Tradução de The Cask of Amontillado, de Edgar Allan Poe.
As mil injúrias de Fortunato eu havia suportado como podia; mas quando se aventurou pelo insulto, jurei vingança. Tu, que tão bem conheces a natureza de minh’alma, não pensarás, entretanto, que dei voz a uma ameaça. Com o tempo eu me vingaria; este era um ponto definitivamente decidido — mas a própria definição com que ele seria resolvido excluía a idéia de risco. Devo não apenas punir, mas punir com impunidade. Uma ofensa não foi cobrada quando a retribuição atinge o cobrador. Da mesma forma, ela não foi cobrada quando o vingador falha em se fazer percebido como tal por aquele que o ofendeu.
Deve-se compreender que nenhuma palavra ou ato meu havia dado a Fortunato motivos para duvidar de minha boa vontade. Eu continuava, como de hábito, a sorrir a sua cara, e ele não percebia que meu sorriso agora vinha ao pensar em sua imolação.

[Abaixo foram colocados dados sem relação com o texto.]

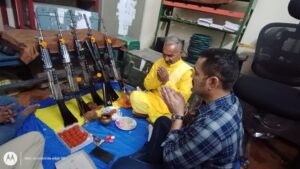 विजय दशमी के अवसर पर प्रतिवर्ष की भांति इस बर्ष भी थाना बालको में निरक्षक अभिनवकांत सिंह ने अपने थाना स्टॉफ के साथ मिलकर शस्त्रों की विधिवत पुजा अर्चना कर प्रसाद वितरण कीया , गौरतलब हो की प्रत्येक वर्ष दशहरा पर शस्त्र पूजा की जाती है।

Ele tinha um ponto fraco — este Fortunato — ainda que em outros aspectos fosse um homem a ser respeitado e até temido. Orgulhava-se de seu conhecimento sobre vinhos. Poucos italianos têm o verdadeiro espírito de virtuoso. Em sua maioria seu entusiasmo é adotado para se adequar à época e à oportunidade — para praticar imposturas contra os millionnaires britânicos e austríacos. Em relação a pintura e gemaria Fortunato, como seus conterrâneos, era uma fraude — mas na questão de vinhos envelhecidos era sincero. Neste aspecto eu não diferia dele substancialmente: eu também era conhecedor dos vinhedos italianos, e comprava em grande quantidade sempre que podia.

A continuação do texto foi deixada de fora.